Neither Fulop or Stack responded to requests for comment.
Still, there appear to be no plans to halt the project any time soon, with Hoboken spokesman Vijay Chaudhuri indicating that the development “will be ready to advance” when the public health emergency subsides.
“As the redevelopment entity for the City of Hoboken, the City Council created and adopted a framework for the Western Edge Redevelopment Plan,” he said.
“Mayor Bhalla respects the central role of the council in this initial process, and appreciated the hard work by Councilman Ramos and the members of the Western Edge sub-committee to pass their plan. Mayor Bhalla looks forward to now negotiating an agreement that provides important amenities and community givebacks that improve the quality of life for Hoboken residents.”
However, Fisher reiterated that she believed the measure was placed on the agenda since the community at large was distracted, asking for more accountability from the administration on these types of negotiations.
“Misleading public statements, finger pointing and lack of transparency on out of scale development has been this administration’s MO,” she said.

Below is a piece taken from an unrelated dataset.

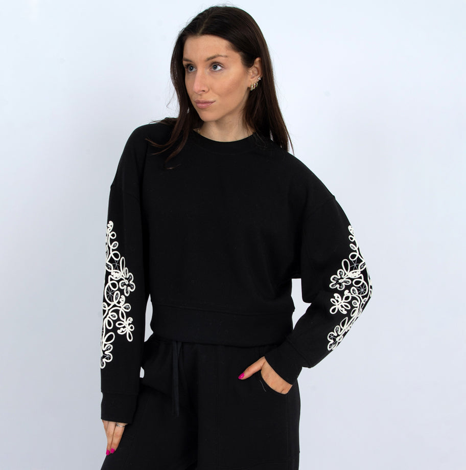 The Lucie Pullover in Black Cala Lily is crafted from soft scuba fabric that offers gentle warmth and comfort. Its embroidered sleeve detail adds a subtle touch of elegance, making it perfect for both casual wear and relaxed gatherings. This cozy pullover supports your everyday comfort while elevating your style effortlessly.
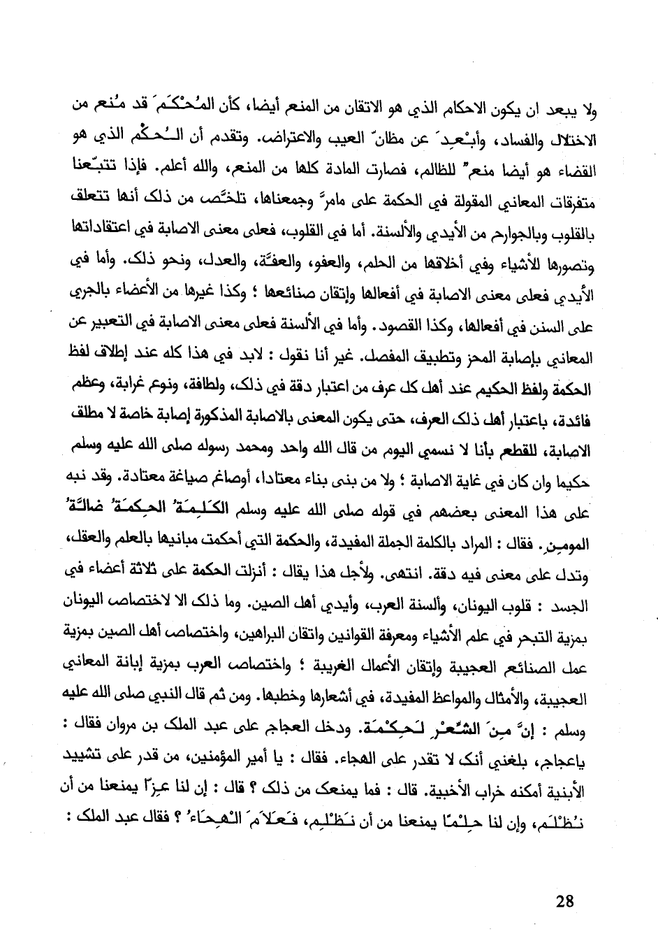 ولا يبعد أن يكون الإحكام هو الإتقان من المنع أيضاً، كأن المحكم قد منع من الاختلال والفساد، وأبع عن مظان العيب والاعتراض. وتقدم أن الحكم الذي هو القضاء هو أيضاً منع للظلم، فصارت المادة كلها من المنع، والله اعلم. فإذا تتبعنا متفرقات المعاني المقولة في الحكمة على ما مر وجمعناها من ذلك أنها تتعلق بالقلوب والجوارح من الأيدي والألسنة. أما في القلوب، فعلى معنى الإصابة في اعتقاداتها وتصورها للأشياء وفي أخلاقها من الحلم، والعفو، والعفة، والعدل، ونحو ذلك. وأما في الأيدي فعلى معنى الإصابة في أفعالها وإتقان صنائعها؛ وكذا غيرها من الأعضاء بالجري على السنن في أفعالها، وكذا القصود. وأما في الألسنة فعلى معنى الإصابة في التعبير عن المعاني بإصابة المحز وتطبيق المفصل. غير أنا نقول: لابد في هذا كله عند إطلاق لفظ الحكمة ولفظ الحكيم عند أهل كل عرف من اعتبار دقة في ذلك، ولطافة، ونوع غرابة، وعظم فائدة، باعتبار أهل ذلك العرف، حتى يكون المعنى بالإصابة المذكورة إصابة خاصة لا مطلق الإصابة، للقطع بأنا لا نسمي اليوم من قال الله واحد ومحمّد رسوله صلى الله عليه وسلم حكيما وإن كان في غاية الإصابة؛ ولا من بنى بناء معتادا، أو صاغ صياغة معتادة. وقد نبه على هذا المعنى بعضهم في قوله صلى الله عليه وسلم الكلمة الحكمة ضالة المؤمن. فقال: المراد بالكلمة الجملة المفيدة، والحكمة التي أحكمت مبانيها بالعلم والعقل، وتدل على معنى فيه دقة، انتهى. ولأجل هذا يقال: أنزلت الحكمة على ثلاثة أعضاء في الجسد: قلوب اليونان، وألسنة العرب، وأيدي أهل الصين. وما ذلك إلاّ لاختصاص اليونان بميزة التبحر في علم الأشياء ومعرفة القوانين وإتقان البراهين، واختصاص أهل الصين بميزة عمل الصنائع العجيبة وإتقان الأعمال الغريبة؛ واختصاص العرب بمزية إبانة المعاني العجيبة، والأمثال والمواعظ المفيدة، في أشعارها وخطبها. ومن ثم قال النبي صلى الله عليه وسلم إنّ من الشعر لحكمة. ودخل العجاج على عبد الملك بن مروان فقال: يا عجاج، بلغني أنك لا تقدر على الهجاء. فقال: يا أمير المؤمنين، من قدر على تشييد الأبنية أمكنه خراب الأخبية. قال: فما يمنعك من ذلك؟ قال: إنّ لنا عزا يمنعنا من أن نظلم، وإنّ لنا حاما يمنعنا من أن نظلم، فعلام الهجاء؟ فقال عبد الملك:

“As Chair of the Community Development North subcommittee I know for a FACT our mayor directly negotiated these plan changes for a building close to the height of the W Hotel to be built in our 5th Ward. Unfortunately, the council lacked one critical vote to allow extra time to seek the public’s feedback to these significant changes.”
5th Ward Councilman Phil Cohen said that despite the pandemic, everything can’t be put on hold, especially a project that has been in the works for quite some time.

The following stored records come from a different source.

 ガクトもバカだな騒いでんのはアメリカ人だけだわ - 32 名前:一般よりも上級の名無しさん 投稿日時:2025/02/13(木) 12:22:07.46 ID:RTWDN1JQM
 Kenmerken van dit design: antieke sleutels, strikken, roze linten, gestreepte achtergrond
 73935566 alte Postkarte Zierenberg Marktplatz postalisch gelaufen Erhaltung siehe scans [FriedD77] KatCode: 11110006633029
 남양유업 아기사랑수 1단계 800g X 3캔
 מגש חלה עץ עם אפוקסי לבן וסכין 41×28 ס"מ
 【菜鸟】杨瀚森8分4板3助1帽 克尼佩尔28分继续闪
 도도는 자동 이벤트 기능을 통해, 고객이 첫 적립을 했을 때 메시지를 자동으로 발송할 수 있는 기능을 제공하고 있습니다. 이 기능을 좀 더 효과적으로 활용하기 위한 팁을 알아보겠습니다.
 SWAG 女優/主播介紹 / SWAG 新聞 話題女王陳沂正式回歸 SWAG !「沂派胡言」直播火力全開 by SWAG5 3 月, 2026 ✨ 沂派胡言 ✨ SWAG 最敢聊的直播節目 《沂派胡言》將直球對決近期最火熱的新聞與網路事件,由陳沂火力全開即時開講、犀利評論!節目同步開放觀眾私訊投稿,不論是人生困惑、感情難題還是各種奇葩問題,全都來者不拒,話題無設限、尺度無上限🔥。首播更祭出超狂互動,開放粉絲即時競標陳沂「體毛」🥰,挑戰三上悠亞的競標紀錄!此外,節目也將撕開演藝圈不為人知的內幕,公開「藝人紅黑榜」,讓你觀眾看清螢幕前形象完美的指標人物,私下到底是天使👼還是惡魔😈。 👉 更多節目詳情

“This project didn’t get hatched two weeks ago. This has been discussed for months before I was on the council: it’s been around for a while,” he said.
“My understanding is that the developers couldn’t get their financing until the saw if the council had an appetite for this. Even though this is the middle of the pandemic, we can’t put everything on hold. I’m looking forward to seeing what they come up with.”
Finally, Ahmed told HCV this plan has been in the works since 2012 and now looks forward to working with city officials to make this development a reality that works for everyone.
“From our perspective, we did not want to fully design a building, along with the time and costs associated with that, only to realize months from now, the building size was not acceptable to begin with.”
“This plan has been in a development process since 2012. We really needed to get on the same page with the city so we don’t go in circles any longer.”